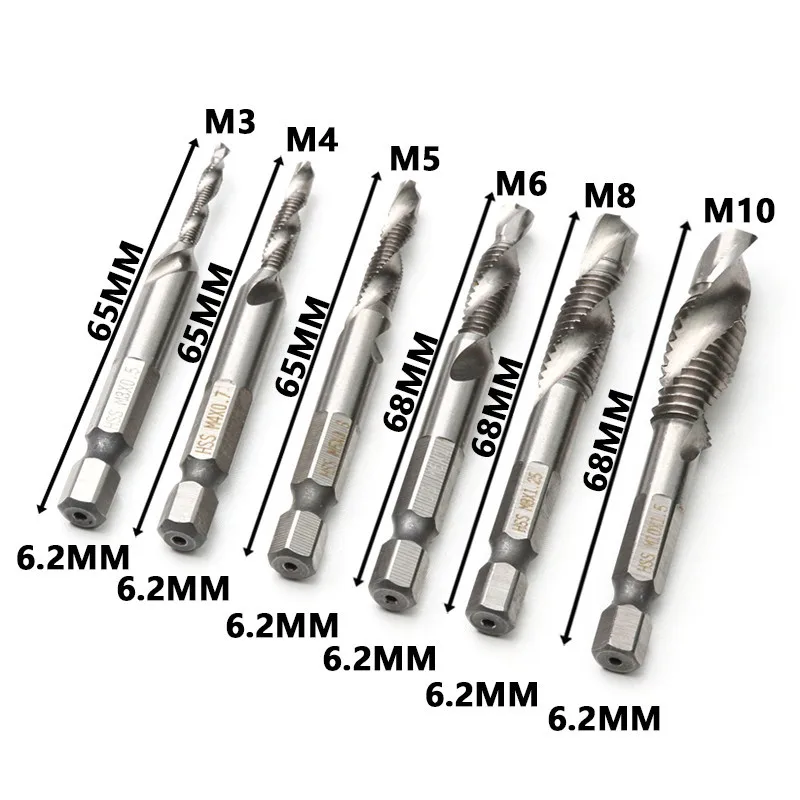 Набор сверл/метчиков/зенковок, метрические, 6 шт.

* * *

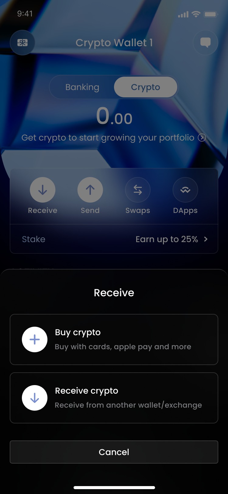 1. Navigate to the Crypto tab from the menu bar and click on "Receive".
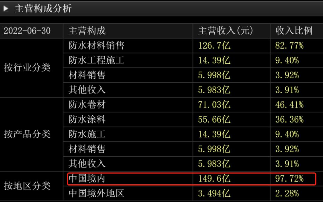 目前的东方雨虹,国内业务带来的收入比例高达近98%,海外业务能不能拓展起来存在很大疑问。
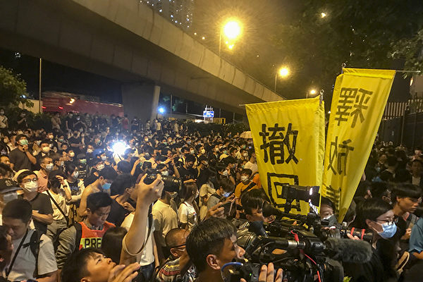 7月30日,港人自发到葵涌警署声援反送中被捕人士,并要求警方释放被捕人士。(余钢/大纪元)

§ REQUIRED WORK
Nothing but the lines from the one containing "1. Navigate to" through the one containing "7月30日,港人自发到葵涌警" should appear, copied exactly from the material above and without pictures.

§ RESULT OF THE EXERCISE
 1. Navigate to the Crypto tab from the menu bar and click on "Receive".
 目前的东方雨虹,国内业务带来的收入比例高达近98%,海外业务能不能拓展起来存在很大疑问。
 7月30日,港人自发到葵涌警署声援反送中被捕人士,并要求警方释放被捕人士。(余钢/大纪元)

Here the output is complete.